Diferente de Bussinger, a professora de Direito Constitucional da PUC São Paulo Gabriela Zancaner não vê problema de inconstitucionalidade nos projetos. Na interpretação dela, os absorventes podem ser adquiridos e distribuídos de diferentes formas, sem necessariamente alterar a organização administrativa do Estado e com ajuste de recursos.

"Eu vejo como uma atribuição que cabe à assistência social. O artigo 6 da Constituição Federal fala sobre direitos sociais, que devem ser assegurados por meio de políticas públicas. Absorvente faz parte do mínimo existencial da pessoa, do indivíduo. A princípio, não vejo inconstitucionalidade", avalia.

ES TEVE OUTRAS PROPOSTAS PARA ENTREGA DE ABSORVENTES A MULHERES POBRES

A discussão sobre a pobreza menstrual não é nova no Espírito Santo, e Favatto não foi o único parlamentar a apresentar propostas nesse sentido. 

De acordo com o portal da Assembleia Legislativa, o primeiro projeto sobre o tema foi protocolado em junho de 2019,  e é de autoria da deputada estadual Janete de Sá (PMN). Ela previa o fornecimento de absorventes para estudantes cuja renda familiar fosse igual ou inferior a três salários mínimos.

 A proposta, no entanto, teve parecer pela inconstitucionalidade da Procuradoria da Casa, que alegou que o texto criava uma nova função para o Estado, o que a Constituição estadual só permite que seja feito por meio de iniciativa do Executivo. 

Depois de Janete, outros dois parlamentares – Iriny Lopes (PT) e Luciano Machado (PV) – tentaram, por meio de projetos de lei, implementar ações que visavam a resolver o problema da pobreza menstrual. As propostas estão em tramitação.

Houve também três indicações – de Emílio Mameri (PSDB), Luiz Durão (PDT) e do próprio Rafael Favatto- para que medidas fossem tomadas. As indicações são instrumentos legislativos que os parlamentares usam para sugerir a um órgão que tome providência em relação a determinados assuntos. 

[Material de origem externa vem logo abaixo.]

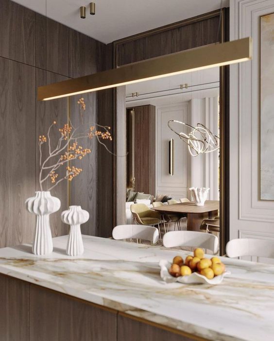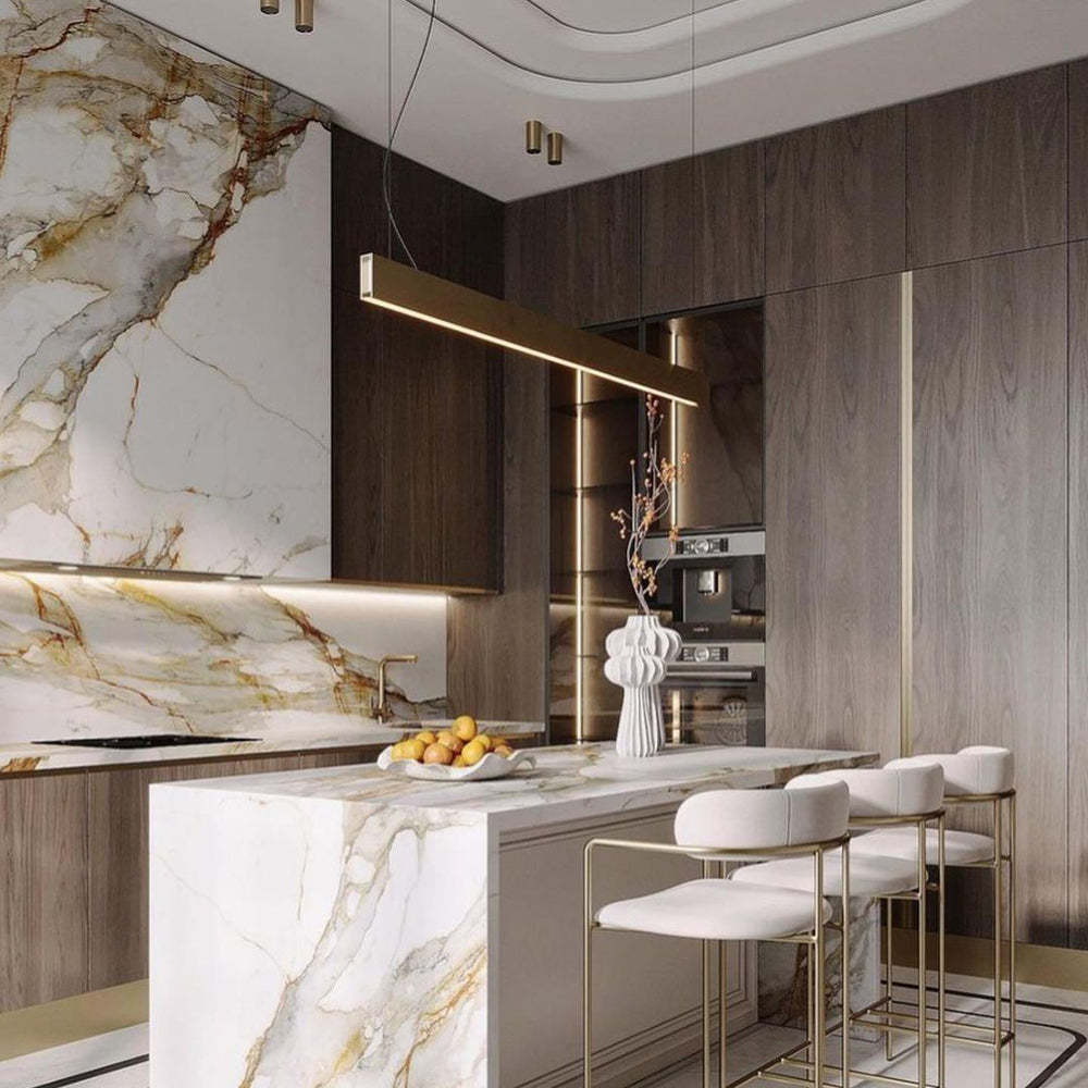 Nordic Minimalism Long Dining Table Pendant Light Antique Gold LED Creative Light Fixture For Kitchen Island/Bar

Para a professora da FDV Elda Bussinguer, há desinteresse político em garantir um direito básico a mulheres e corrigir uma desigualdade de gênero e de classe. 

Aspas de citação

Precisamos pensar que é um direito fundamental das mulheres e que o Estado, em garantia a esse direito, deveria propor projetos de lei nesse sentido. O Estado Brasileiro é pouco sensível aos direitos das mulheres

Elda Bussinguer
Professora de Direito Constitucional da FDV
Aspas de citação

Gabriela Zancaner ainda pontua que as inconstitucionalidades apontadas pelos governantes poderiam ser facilmente resolvidas com os projetos propostos pelo próprio Executivo, mas escondem, na avaliação dela, uma visão machista sobre o assunto. 

"Se a questão é o vício de iniciativa, o governo pode elaborar o projeto. Se é fonte de despesa, ele pode suprir recursos. Essas justificativas me parecem um pano de fundo de machismo, uma dificuldade do governo em compreender que garantir absorvente é o mínimo e afeta sobremaneira a saúde e a vida de mulheres", completa.

O QUE DIZ O GOVERNO DO ES

Procurado pela reportagem, o governo do Espírito Santo informou que o veto ao projeto de lei de autoria do deputado Rafael Favatto foi motivado por vício de iniciativa. "Contudo, a Secretaria da Educação (Sedu) está concluindo um levantamento para quantificar o número de alunas que estão em situação de pobreza menstrual. Nos próximos dias, serão anunciadas medidas para atender a este público", disse por meio de nota.